Прошёл ещё один год, и Ковак умер...

* * *

С трудом, опустив ноги на пол, он встал, и, пошатываясь, похромал до письменного стола. Открыв затёкшими руками первый ящик, он отыскал среди груды наваленных исписанных листов, кожаный футляр для очков своего дяди. Ему с трудом удалось извлечь из него негнущимися пальцами пожелтевший от времени лист бумаги, сложенный вчетверо. Развернуть его оказалось весьма тяжёлым занятием. Когда же листок открылся, Ковак всерьёз пожалел, что проснулся.

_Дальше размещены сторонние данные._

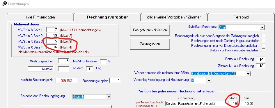 Wir empfehlen, bei Buchungen, die in den Juli hineinlaufen, zwei Buchungen nacheinander zu erstellen und die entsprechenden Steuersätze vorzugeben. (verfahren Sie bitte auch mit zwei Buchungen bei Überschneidung zum 01.01.2021) Die Steuersätze in den 4 Eingabefeldern MwSt. 1 bis MwSt. 4 dürfen nicht identisch sein. Bei Verwendung von Kurtaxe oder Bettensteuer muss in dem enstprechenden Feld MwSt. für Kurtaxe und MwSt. für Bettensteuer eine Null eingegeben werden, wenn dafür keine MwSt. berechnet wird. Die Ausgabe aller 4 Steuersätze (bei der Steuererklärung 2020) jetzt in der Rechnungsübersicht als Ausgabe inder CSV-Datei und in der Druckvariante möglich. Bei den Parkgebühren können Sie jetzt in den Einstellungen die MwSt. anpassen. Die Rechnungen können in dieser Zeit nicht mehr auf Plausibilität geprüft werden. Schalten Sie bitte die Prüfung ab.

С документом в руках, возвращаясь к кровати, он всю дорогу проклинал себя за забывчивость...
Взяв с туалетного столика, чёрные роговые очки с толстыми линзами, Ковак не сгибая спины, уронил себя на кровать. Нацарапал на себя ещё тёплое одеяло, устало охнул и одел очки. Всё это проделывалось медленно, спланировав каждое движение заранее. Наконец, окончательно прейдя в себя, Ковак повторно развернул листок, и принялся читать.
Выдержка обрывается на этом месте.